= Vojta's conjecture =

On heights of points on algebraic varieties over number fields

In mathematics, Vojta's conjecture is a conjecture introduced by Paul Vojta about heights of points on algebraic varieties over number fields. The conjecture was motivated by an analogy between diophantine approximation and Nevanlinna theory (value distribution theory) in complex analysis. It implies many other conjectures in Diophantine approximation, Diophantine equations, arithmetic geometry, and mathematical logic.

==Statement of the conjecture==
Let $F$ be a number field, let $X/F$ be a non-singular algebraic variety, let $D$ be an effective divisor on $X$ with at worst normal crossings, let $H$ be an ample divisor on $X$, and let $K_X$ be a canonical divisor on $X$. Choose Weil height functions $h_H$ and $h_{K_X}$ and, for each absolute value $v$ on $F$, a local height function $\lambda_{D,v}$. Fix a finite set of absolute values $S$ of $F$, and let $\varepsilon>0$. Then there is a constant $C$ and a non-empty Zariski open set $U\subseteq X$, depending on all of the above choices, such that
$\sum_{v\in S} \lambda_{D,v}(P) + h_{K_X}(P) \leq \varepsilon h_H(P) + C$
for all $P\in U(F)$.

===Examples===
- Let $X=\mathbb{P}^N$. Then $K_X\sim -(N+1)H$, so Vojta's conjecture reads
$\sum_{v\in S} \lambda_{D,v}(P) \le (N+1+\epsilon) h_H(P) + C$
for all $P\in U(F)$.

- Let $X$ be a variety with trivial canonical bundle, for example, an abelian variety, a K3 surface or a Calabi-Yau variety. Vojta's conjecture predicts that if $D$ is an effective ample normal crossings divisor, then the $S$-integral points on the affine variety $X\setminus D$ are not Zariski dense. For abelian varieties, this was conjectured by Lang and proven by Faltings.

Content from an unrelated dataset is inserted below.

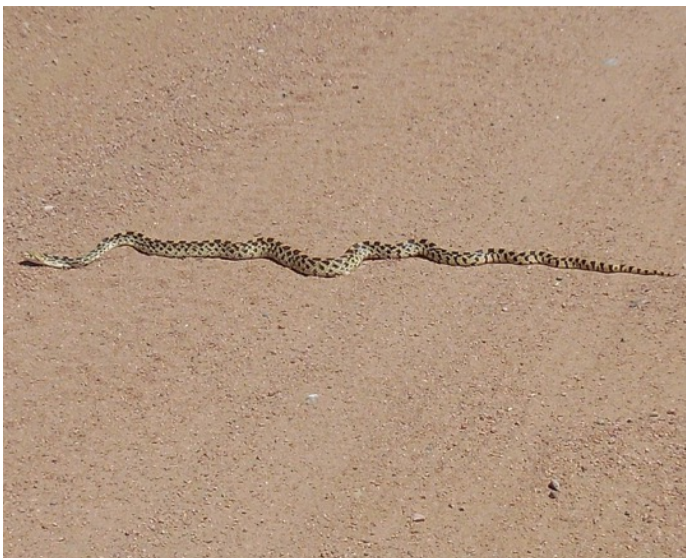
(non poisonous) Bull Snake

The best way to avoid snakes is to stay on designated paths and walk down the middle. When walking with dogs always keep them under control and on a short leash.

- Let $X$ be a variety of general type, i.e., $K_X$ is ample on some non-empty Zariski open subset of $X$. Then taking $S=\emptyset$, Vojta's conjecture predicts that $X(F)$ is not Zariski dense in $X$. This last statement for varieties of general type is the Bombieri–Lang conjecture.

==Generalizations==
There are generalizations in which $P$ is allowed to vary over $X(\overline{F})$, and there is an additional term in the upper bound that depends on the discriminant of the field extension $F(P)/F$.

There are generalizations in which the non-archimedean local heights $\lambda_{D,v}$ are replaced by truncated local heights, which are local heights in which multiplicities are ignored. These versions of Vojta's conjecture provide natural higher-dimensional analogues of the ABC conjecture.